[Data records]
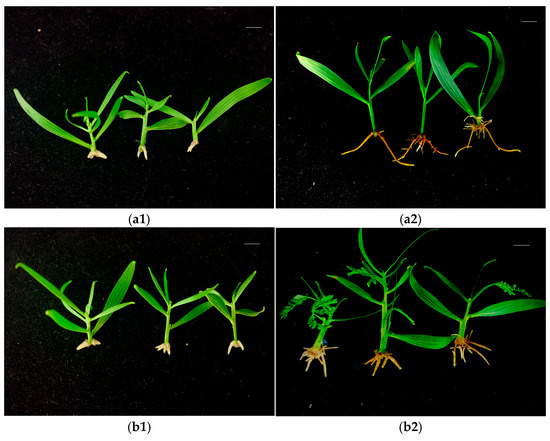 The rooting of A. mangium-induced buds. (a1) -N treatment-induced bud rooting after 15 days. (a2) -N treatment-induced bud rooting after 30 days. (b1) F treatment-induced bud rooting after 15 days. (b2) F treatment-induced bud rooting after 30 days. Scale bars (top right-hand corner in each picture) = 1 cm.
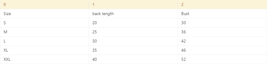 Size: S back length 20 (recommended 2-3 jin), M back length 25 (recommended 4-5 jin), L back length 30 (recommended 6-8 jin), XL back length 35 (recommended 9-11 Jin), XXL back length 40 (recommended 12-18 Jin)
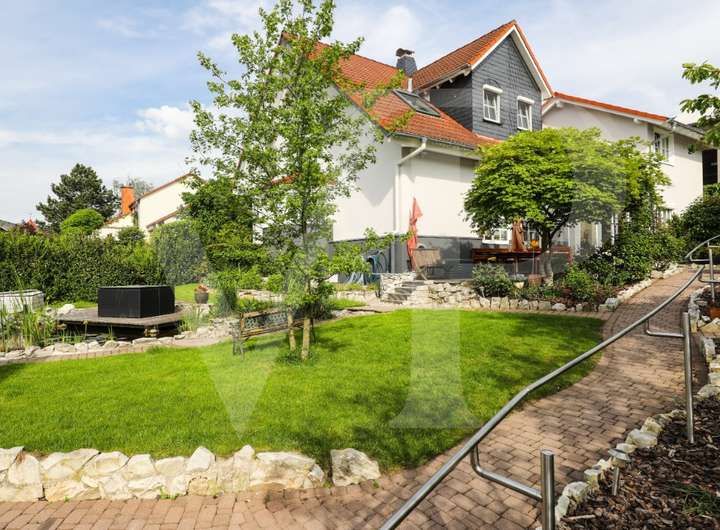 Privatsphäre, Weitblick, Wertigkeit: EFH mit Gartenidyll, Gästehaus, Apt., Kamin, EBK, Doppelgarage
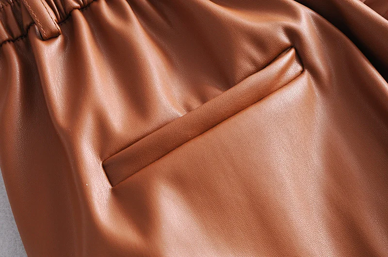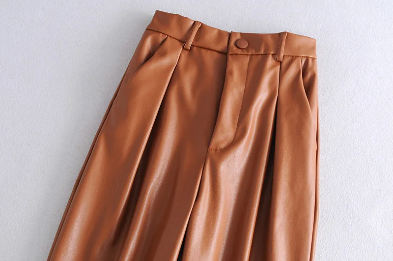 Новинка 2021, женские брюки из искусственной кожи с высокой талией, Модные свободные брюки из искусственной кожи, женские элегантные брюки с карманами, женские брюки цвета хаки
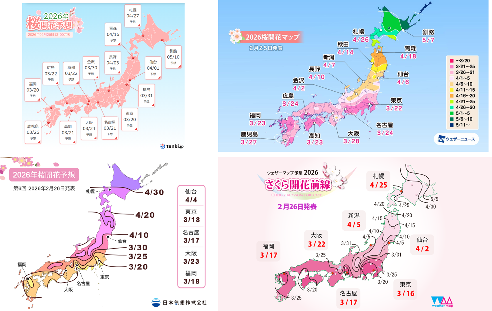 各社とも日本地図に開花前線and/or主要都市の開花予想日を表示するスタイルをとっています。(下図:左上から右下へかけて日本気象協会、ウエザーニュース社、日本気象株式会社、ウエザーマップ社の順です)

**WHAT TO PRODUCE**
Both boundary lines included, write out word for word only the lines above from the one containing "Size: S back" to the one containing "Новинка 2021, женские", leaving out any pictures.

**ANSWER**
 Size: S back length 20 (recommended 2-3 jin), M back length 25 (recommended 4-5 jin), L back length 30 (recommended 6-8 jin), XL back length 35 (recommended 9-11 Jin), XXL back length 40 (recommended 12-18 Jin)
 Privatsphäre, Weitblick, Wertigkeit: EFH mit Gartenidyll, Gästehaus, Apt., Kamin, EBK, Doppelgarage
 Новинка 2021, женские брюки из искусственной кожи с высокой талией, Модные свободные брюки из искусственной кожи, женские элегантные брюки с карманами, женские брюки цвета хаки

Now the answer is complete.